Más sorprendente es el de las Ebikes, cuyas cifras han crecido un 145%, y se estima que para finales del 2021 estas aumenten aún más.

Los datos de Europa son aún más ámplios

No solo las ventas de bicicletas se han disparado, con estimaciones que llegan a afirmar que para 2030 se venderán el doble de bicicletas que de coches en Europa.

El número de usuarios que optan por la micromobilidad cada día crece a ritmos sin precedentes, y sobre todo en ciudades donde se apuesta por este medio de transporte.

Allí donde se ha incentivado el uso de la bicicleta y creado vías ciclistas seguras, el número de personas que han comenzado a utilizar las dos ruedas como medio de transporte se ha multiplicado.

Pero no solo la creación de carriles bici seguros incentiva el uso de la bicicleta.

El famoso distanciamiento social hizo y sigue haciendo que muchos trabajadores esenciales (y no esenciales) opten por moverse de forma individual y segura en bici.

De 3,7 millones de bicicletas eléctricas a 17 millones en 2030

Como seguramente sabrás, en algunos países de Europa, ya se venden más bicicletas con motor que normales.
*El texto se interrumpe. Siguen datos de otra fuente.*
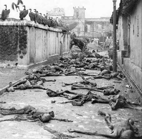 В период Второй мировой войны британское правительство, опасаясь вторжения японской армии в Бенгалию, приказало вывезти из нее запасы зерна, а также конфисковать и уничтожить лодки, лишив население возможности заниматься рыбной ловлей. Результатом этих мер явилось то, что в 1943 г. Индию, тогда часть Британской империи, поразил тяжелейший голод. В Бенгалии погибло по оценкам сотрудников Калькуттского университета не менее 3,5 млн. человек.
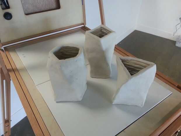 Para crear los modelos en este instructable y video, utilicé una técnica de la bobina de la arcilla . Usé "B-Mix" cono 10 arcilla de la Laguna . Me lió la arcilla en bobinas que fueron entre 5 y 10mm de diámetro. Mientras seguía el punto del láser, agregar bobina encima de la bobina, yo Presione la bobina hacia abajo y liso en el resto de las bobinas previamente colocados. Elegí alisar las caras exteriores y dejar las caras interiores unsmoothed para poner de relieve la naturaleza capas del proceso de construcción.
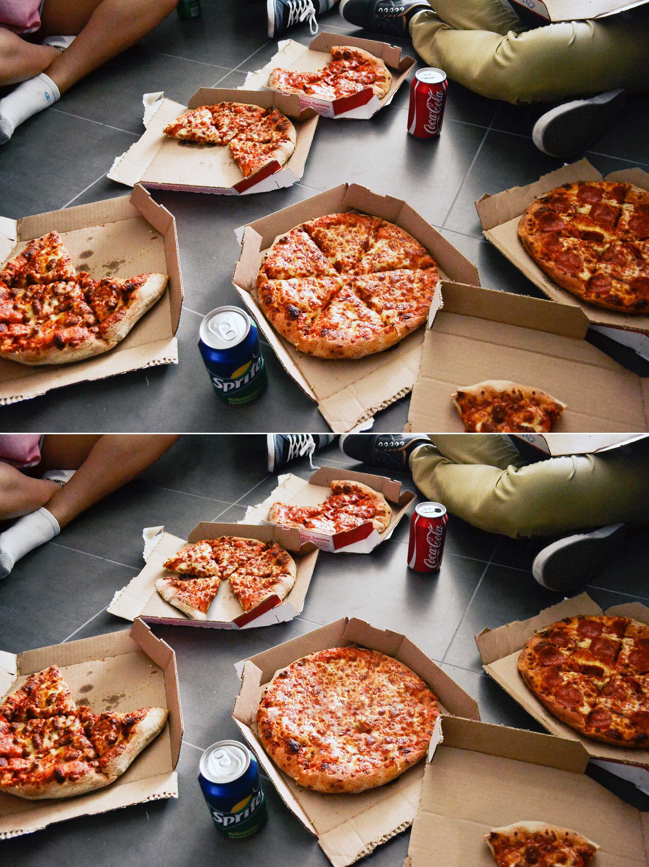Pizza geht ja eigentlich immer. Okay, außer man macht einen „gesunden Februar“, wie ich gerade… Ja, da helfen derartige Bilder nicht unbedingt bei. Aber ich hatte mir ob ganz guter Bodyfat-Inzidenzwerte eh eine Belohnung versprochen. Der Februar endet für mich heute, so dass ich morgen Gebrauch von einem Pizzeria-Gutschein machen kann, der nur bis Sonntag gültig ist. Den MUSS ich also einlösen, geht gar nicht anders… Ihr müsst natürlich gar nichts, könnt aber bis zu 10 Unterschiede zwischen diesen beiden vermeintlich gleichen Motiven ausmachen. Wie viele schafft ihr?
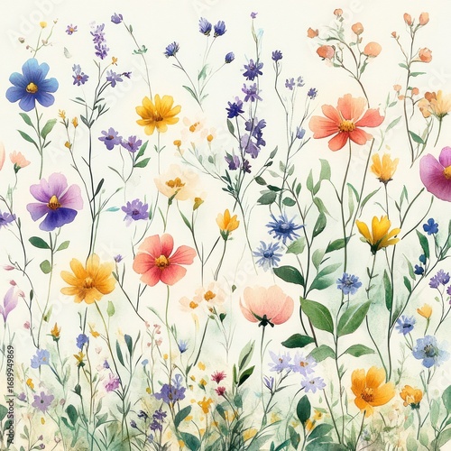 flower, wildflower, watercolor, colourful, delicate, purple, yellow, orange, blue, green, stem, leaf, botanical, natural, floral, garden, spring, summer, plant, blossom, artwork, pastel, bright, fresh, beautiful, nature, ornamental, decorative, hand-painted, illustration, background, freshness, growth, bloom, vibrant, light, delightful, organic, natural beauty, springtime, flora, soft, gentle
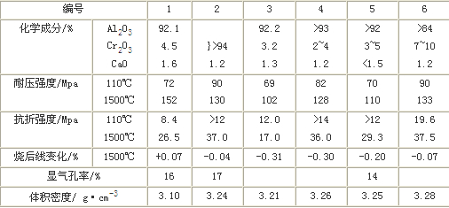 下表為鉻剛玉質耐火澆注料的性能。表中編號1用板狀剛玉作耐火骨料,電熔白剛玉作粉料。編號2用致密剛玉作耐火骨料和粉料。其余的用電熔白剛玉作耐火骨料和粉料。耐火骨料臨界粒徑為10mm或8mm,總用量為70%;同時還采用a-Al2O3超微粉、工業氧化鉻和很 少量的mf- SiO2作耐火粉料。編號5用CA-80水泥作結合劑,其余的結合劑為CA-70水泥。同時摻加減水劑和緩凝劑等。從表中看出,Al2O3和Cr2O3合量大于94%料的純度很高。體積密度大于3.10 g·cm-3,料較致密。110℃烘干和1500℃燒后耐壓強度分別大于68Mpa和102Mpa,1500℃燒后線變化除編號1外均呈負值,即略有收縮。總之,高純度鉻剛玉質耐火澆注料的性能是優良的。
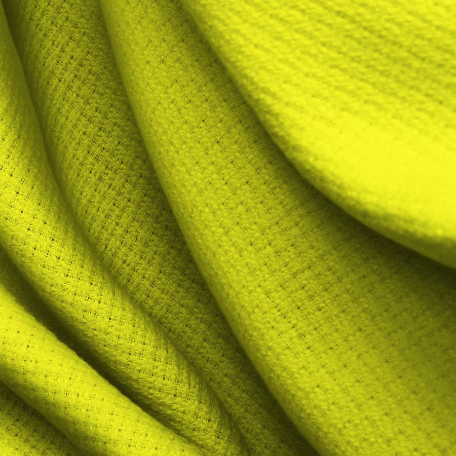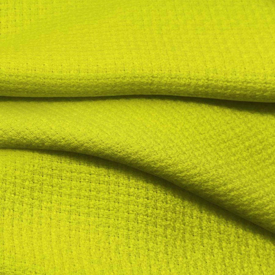 La tela base es el Tweed - Chanel, un tejido tipo tweed de poliéster con un gramaje de 420 gr/m2 y un ancho de 150 cm. En cuanto al color liso impreso, este es de un vibrante amarillo absenta, según el CMYK de 22 0 89 0. Este color es una combinación de amarillo y verde con fuertes matices de verde lima. Combina muy bien con tonos neutros como el blanco, el gris y el beige, así como con otros tonos verdes y amarillos.

Pero las cosas aún tienen que mejorar. No solo los precios se deben estabilizar, también el modelo de fabricación y transporte de todas las piezas que forman una Ebike, incluidas las baterías.

Para que se alcancen estas cifras, superando las nuevas matriculaciones de coches, la industria se debe ir adaptando poco a poco para una producción más local y centralizada, sin depender tanto de Asia.

Pero las vías ciclistas y carriles bici seguros, al menos dentro de las ciudades y los que comunican los municipios colindantes con estas, deberán ir cobrando más protagonismo y recuperando el espacio robado por los vehículos a motor, ya sean, coches, motos e incluso el transporte publico por carretera.

La mayoría de encuestas terminan con resultados negativos de muchas personas, sobre todos adultos de cierta edad, que nunca utilizarían la bicicleta como medio de transporte dentro de las ciudades por el miedo a tener que circular entre los coches.

La revolución de la bicicleta está en marcha, ahora solo hace falta seguir haciendo presión para que quien tenga el poder de realizar los cambios, se ponga a ello cuanto antes.